_Data records_
· · · · · · ·

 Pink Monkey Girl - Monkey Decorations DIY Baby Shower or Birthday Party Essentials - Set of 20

· · · · · · ·

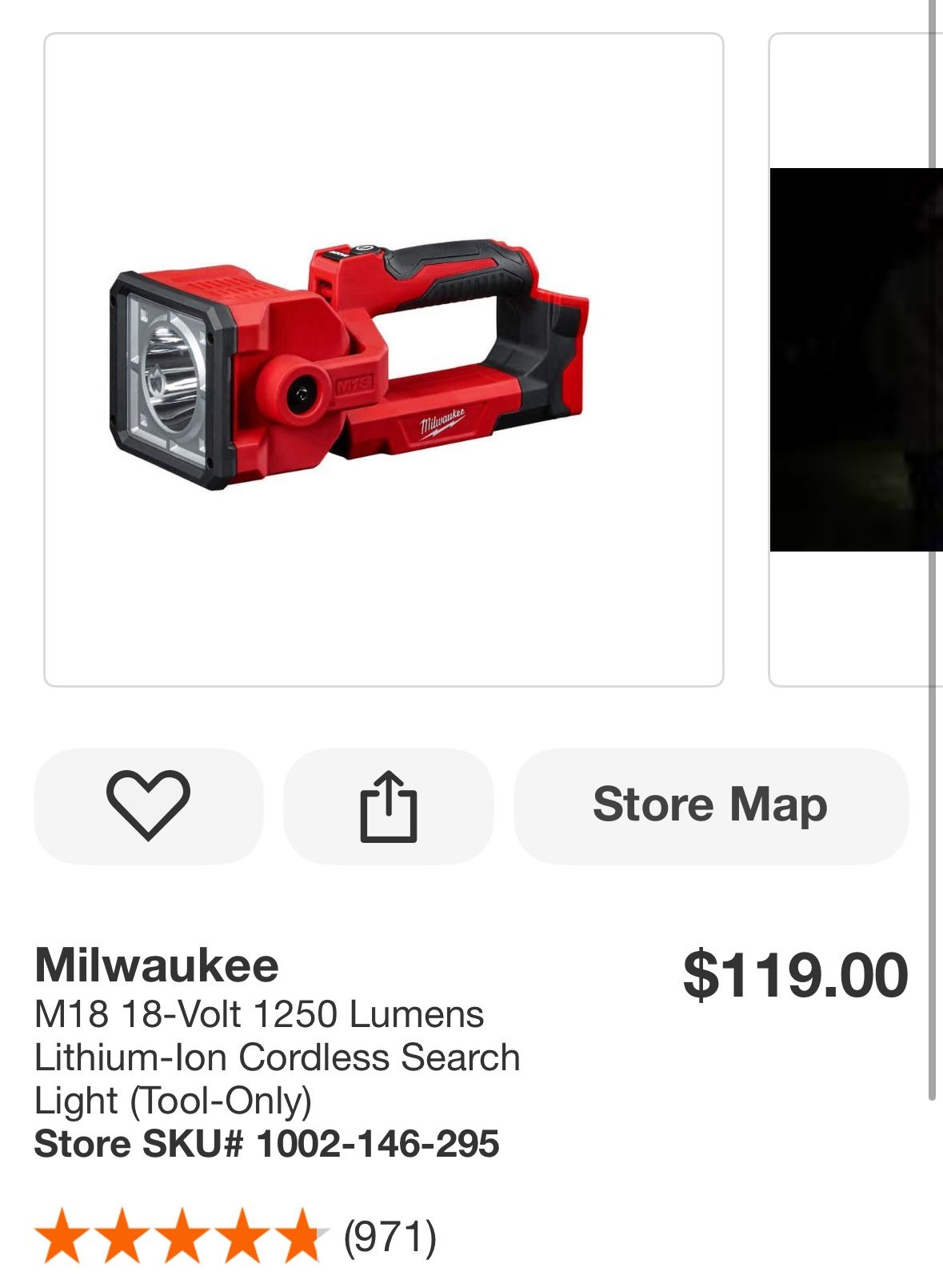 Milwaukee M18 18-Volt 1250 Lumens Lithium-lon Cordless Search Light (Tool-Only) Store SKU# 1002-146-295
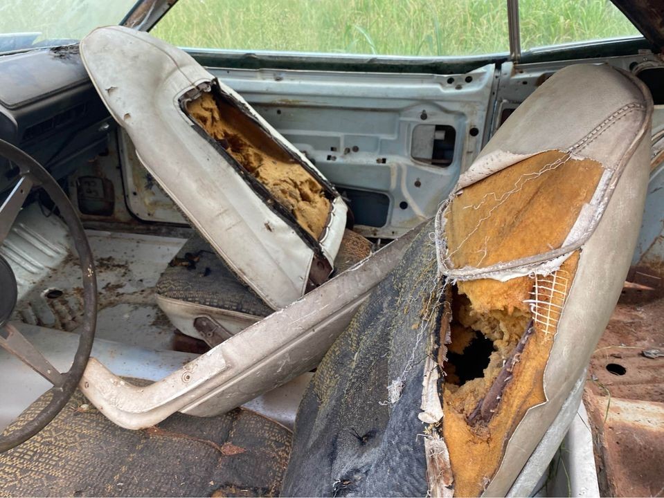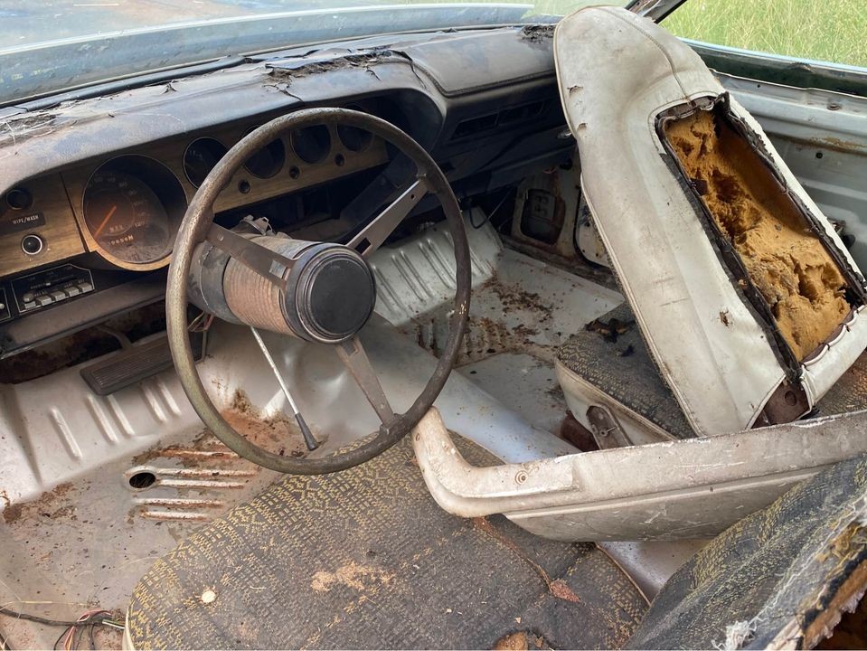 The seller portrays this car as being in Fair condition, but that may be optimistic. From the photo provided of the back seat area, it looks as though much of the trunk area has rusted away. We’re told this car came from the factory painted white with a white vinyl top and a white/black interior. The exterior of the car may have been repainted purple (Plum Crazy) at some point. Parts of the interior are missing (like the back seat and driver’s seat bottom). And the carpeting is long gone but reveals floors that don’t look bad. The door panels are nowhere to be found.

· · · · · · ·

What is needed is an exact copy of only the lines above from the one with "Milwaukee M18 18-Volt" to the one with "The seller portrays", both kept, with every picture left out.

 Milwaukee M18 18-Volt 1250 Lumens Lithium-lon Cordless Search Light (Tool-Only) Store SKU# 1002-146-295
 The seller portrays this car as being in Fair condition, but that may be optimistic. From the photo provided of the back seat area, it looks as though much of the trunk area has rusted away. We’re told this car came from the factory painted white with a white vinyl top and a white/black interior. The exterior of the car may have been repainted purple (Plum Crazy) at some point. Parts of the interior are missing (like the back seat and driver’s seat bottom). And the carpeting is long gone but reveals floors that don’t look bad. The door panels are nowhere to be found.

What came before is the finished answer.